And, of course, the party’s base is completely, unremittingly, obsessed with the issue. The mere anticipation of an implementation quagmire is “reinvigorating the movement,” Jenny Beth Martin, a national Tea Party official, told The Hill in early May. “We’re doing street rallies and protests over the next month to three months, initially. We’re working to recruit candidates that can talk about this.”

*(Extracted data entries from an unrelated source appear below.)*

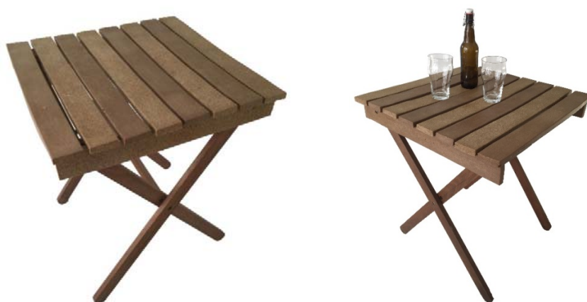
Figure 2. The prototype of the table developed

Figure 2 presents images of the bar table prototype developed with the material that presented the best acceptance. For the construction of the table, it was necessary to use a resistant material, and that had good acceptance of the consumers. Thus, the S6 mixture was chosen, although less resistant than S5, it presented better acceptance and a mechanical resistance equal to the MDF, which is usually used by the industry to produce furniture, in addition to characteristics of resistance and solubility in water much better than MDF.
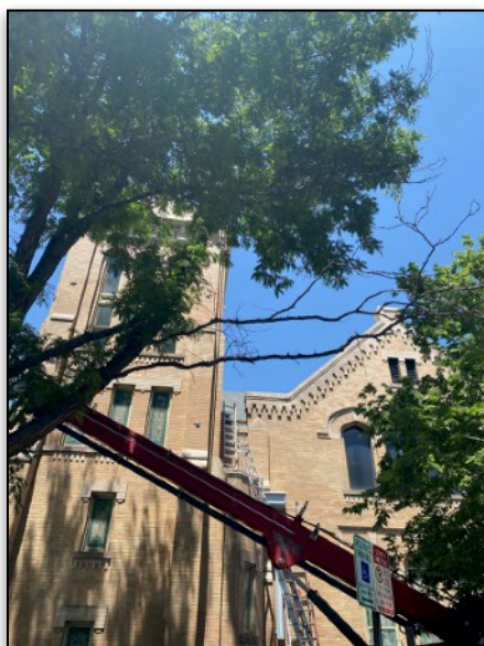
Tower, South Façade

Work on our west side stained glass has begun! You'll see scaffolding and boards on the West side of the building throughout the summer as Watkins Stained Glass does repair and restoration on the non religious windows.
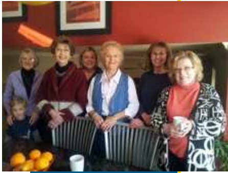
Enjoying coffee in February!
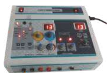
IFT + TENS Combi
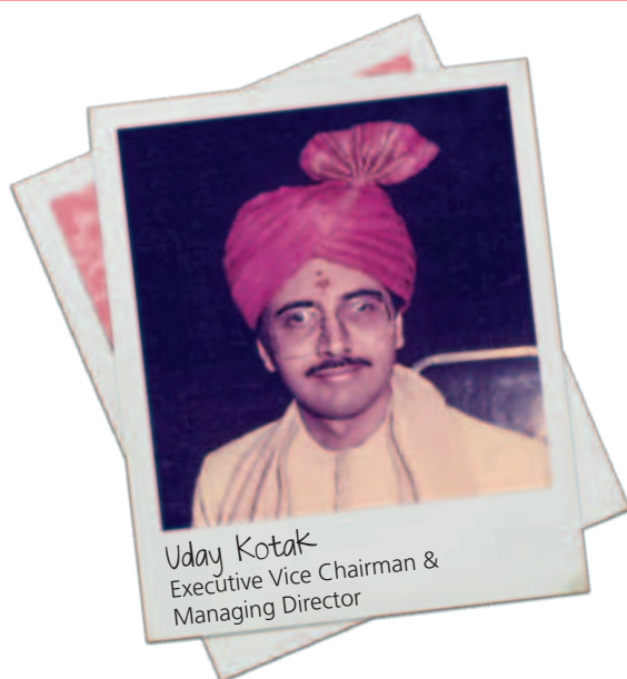
Uday Kotak Executive Vice Chairman & Managing Director
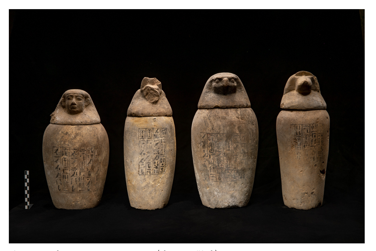
Fig. 10 Four limestone empty canopic jars
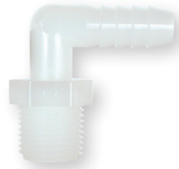
A-2003 Elbows: Male Pipe Thread by Hose Barb

I happen to be agnostic about whether health care implementation will help the GOP in 2014. On the one hand, anything that energizes conservatives in a low-turnout election should benefit Republicans, much as it did on 2010. On the other hand, as The Washington Post’s Greg Sargent points out, much of the public antipathy toward Obamacare is already baked into the polls. The people who disapprove haven’t liked it from the get-go; similarly for the people who approve. It’s possible that a series of implementation snafus will move those numbers at the margins—a new poll suggests public opinion has soured a bit lately, perhaps as a result of all the “train wreck” chatter. On the other hand, it’s also possible that implementation will go relatively smoothly and people will embrace the program, netting Democrats a few more votes.

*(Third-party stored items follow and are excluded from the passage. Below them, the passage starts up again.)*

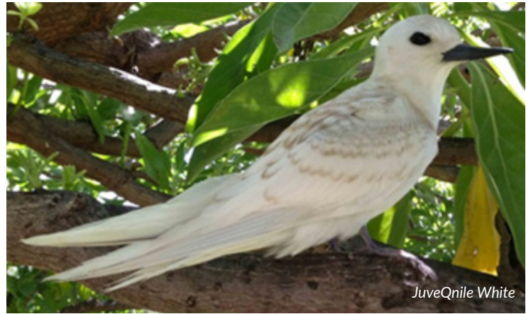
JuveQ Nile White

When White Terns are incubating, the egg often is not visible because it is covered up by the bird, but a bulge can be seen in the breast feathers of the parent. Small Chicks (< 2 weeks old) often are brooded by one parent, but sometimes they are left alone, when they are hard to see. They can be white, gray, tan, or mixed. Large chicks may walk around in the tree before they can fly. Both parents return to feed the chick every day and usually spend the night.
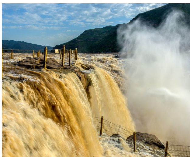
Hukou Waterfall Scenic Area | 黄河壶口瀑布风景名胜
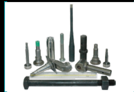
Large High Strength Cold Forgings
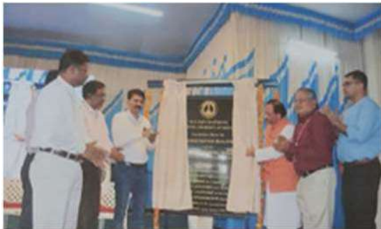
Shri Ramesh Pokhriyal "NISHANK", Hon'ble Minister for Human Resource Department inaugurated 'Building for School of Education (SARASWATHI)' Central University Kerala at Periya, Kasargod on February 25, 2020

What I do know is that the GOP’s health care preoccupation is absolutely destroying its long-term prospects. However well the issue may work in the midterms, when an uptick in conservative turnout can flip a few dozen House seats, 2012 proved that it’s at best a wash in a presidential election, when Democrats can swamp that turnout with their demographic edge, and when the GOP’s challenge is to win moderates and independents as a result. Conservatives argue that the only reason health care didn’t work in 2012 is that Romney was a flawed messenger, given his patrimonial link to Obamacare. But with the Supreme Court largely blessing the law last June, the issue was mostly settled in the public mind, making it at best a non-factor among swing voters.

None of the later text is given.